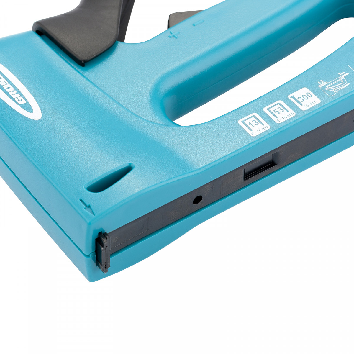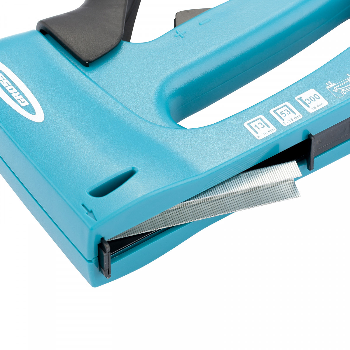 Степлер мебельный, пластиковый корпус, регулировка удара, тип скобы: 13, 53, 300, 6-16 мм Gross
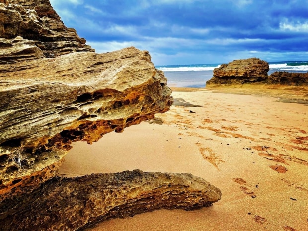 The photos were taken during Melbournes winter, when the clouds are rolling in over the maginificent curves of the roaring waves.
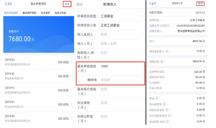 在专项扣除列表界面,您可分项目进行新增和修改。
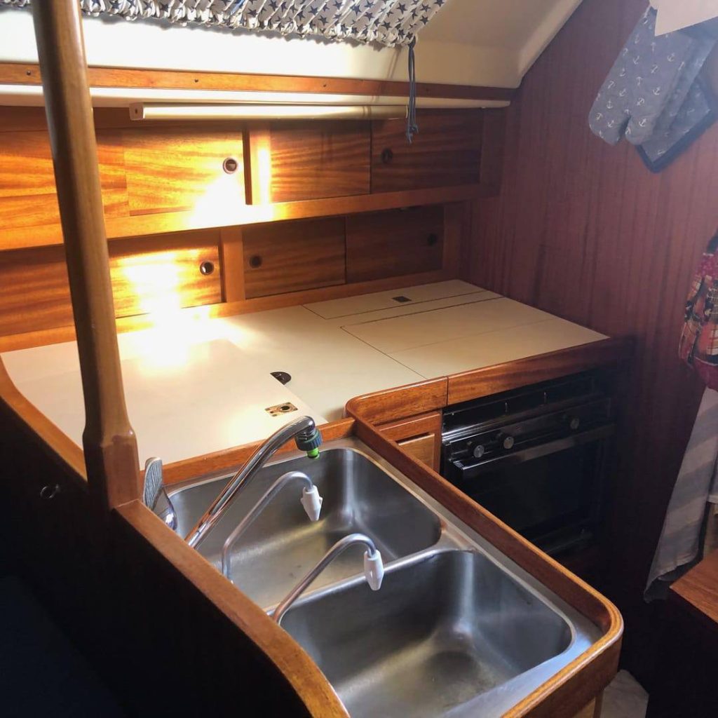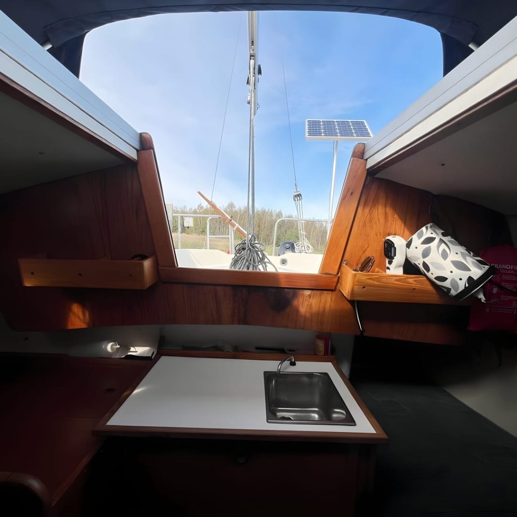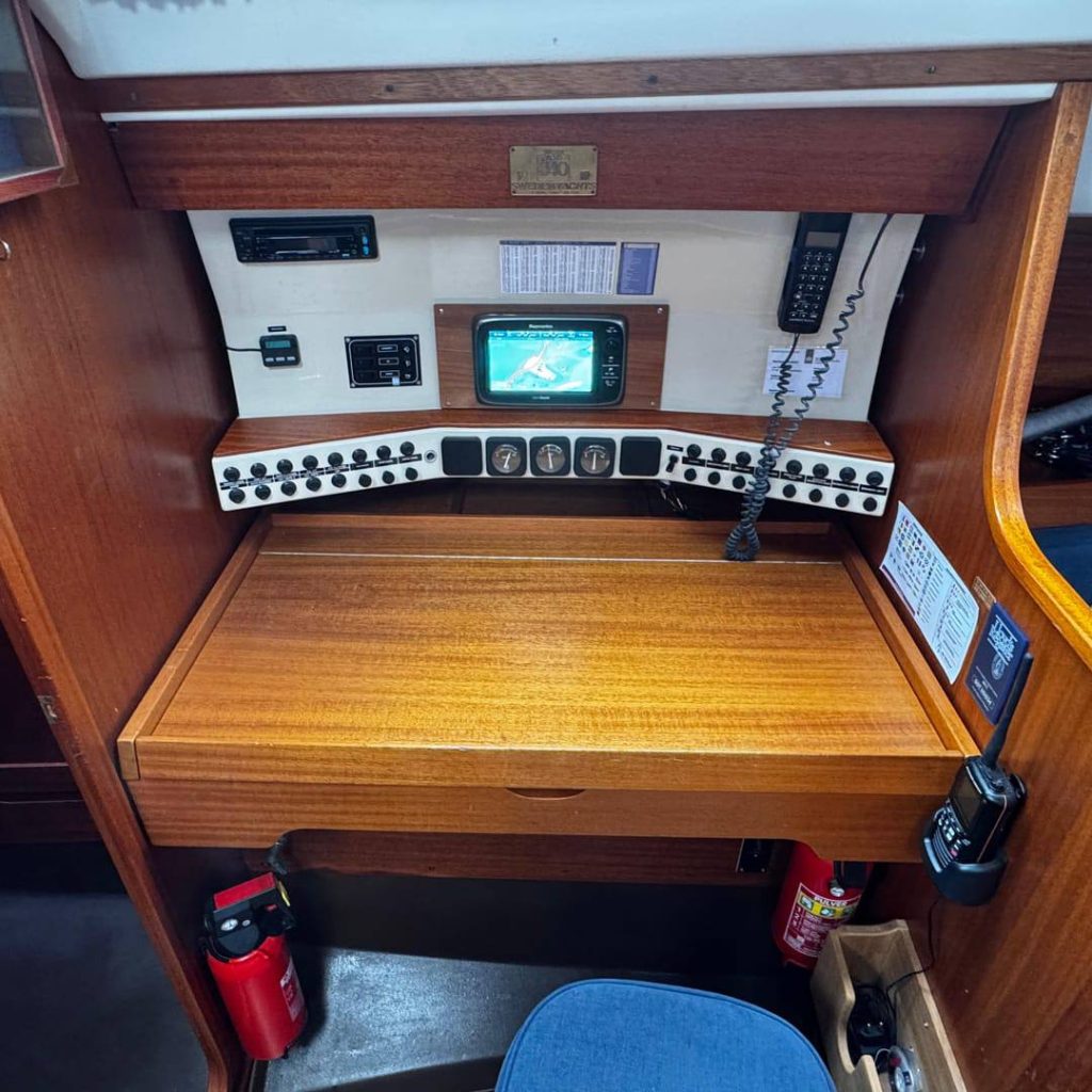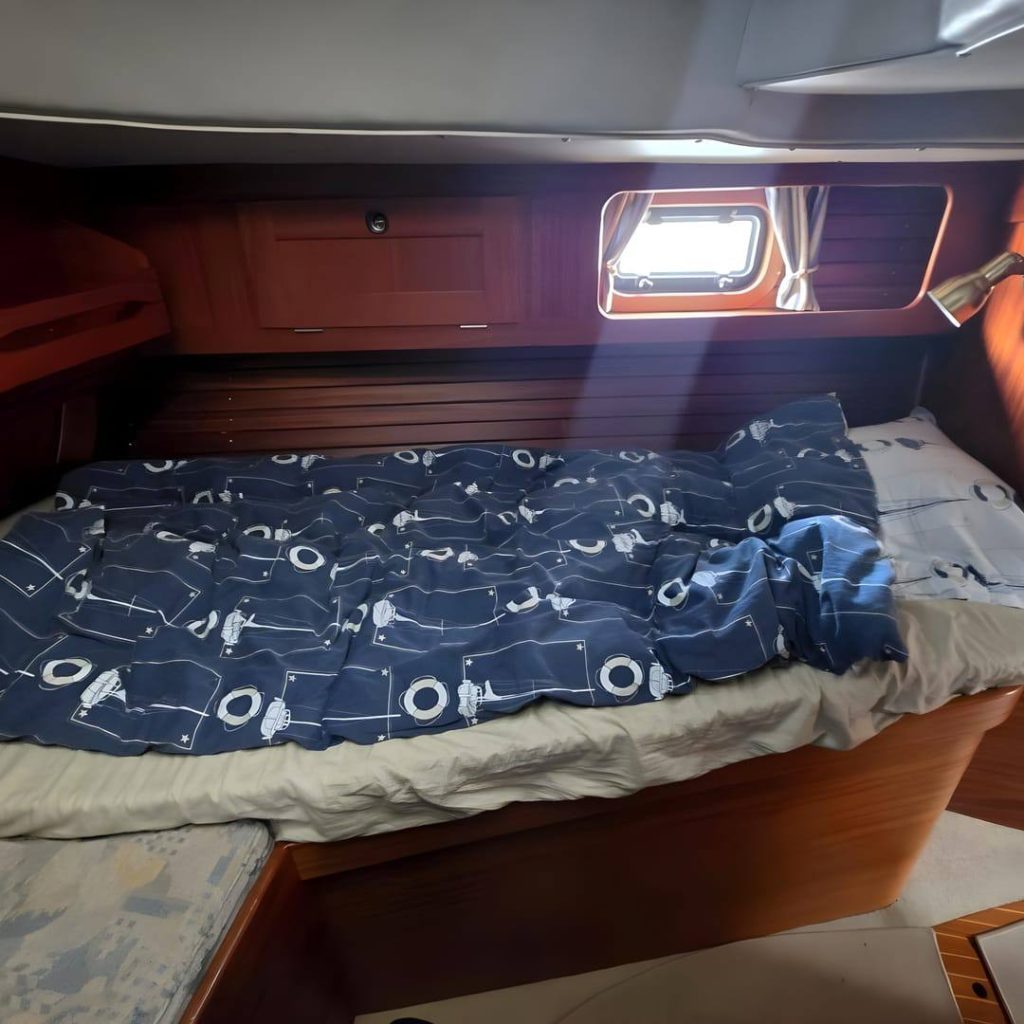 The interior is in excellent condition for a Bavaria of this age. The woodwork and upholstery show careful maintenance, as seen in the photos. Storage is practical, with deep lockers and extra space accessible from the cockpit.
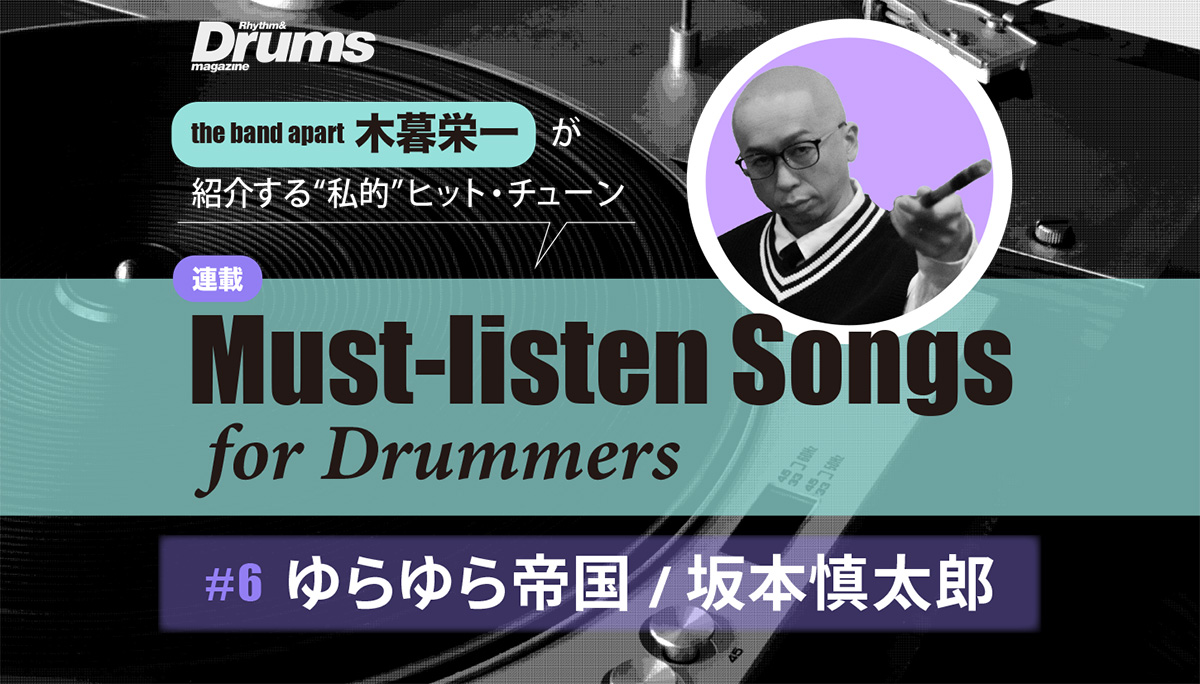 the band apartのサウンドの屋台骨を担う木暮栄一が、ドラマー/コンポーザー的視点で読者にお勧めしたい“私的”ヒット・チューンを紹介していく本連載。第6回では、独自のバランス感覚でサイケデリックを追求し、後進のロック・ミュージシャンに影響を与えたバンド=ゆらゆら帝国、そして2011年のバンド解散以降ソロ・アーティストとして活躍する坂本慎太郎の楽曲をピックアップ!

•••

- _Exercise objective_: Each line from the top of the material through the line containing "在专项扣除列表界面,您可分项目进行新增和修改。" should be reproduced exactly; please drop any images.

- _Response for this exercise_:
 Степлер мебельный, пластиковый корпус, регулировка удара, тип скобы: 13, 53, 300, 6-16 мм Gross
 The photos were taken during Melbournes winter, when the clouds are rolling in over the maginificent curves of the roaring waves.
 在专项扣除列表界面,您可分项目进行新增和修改。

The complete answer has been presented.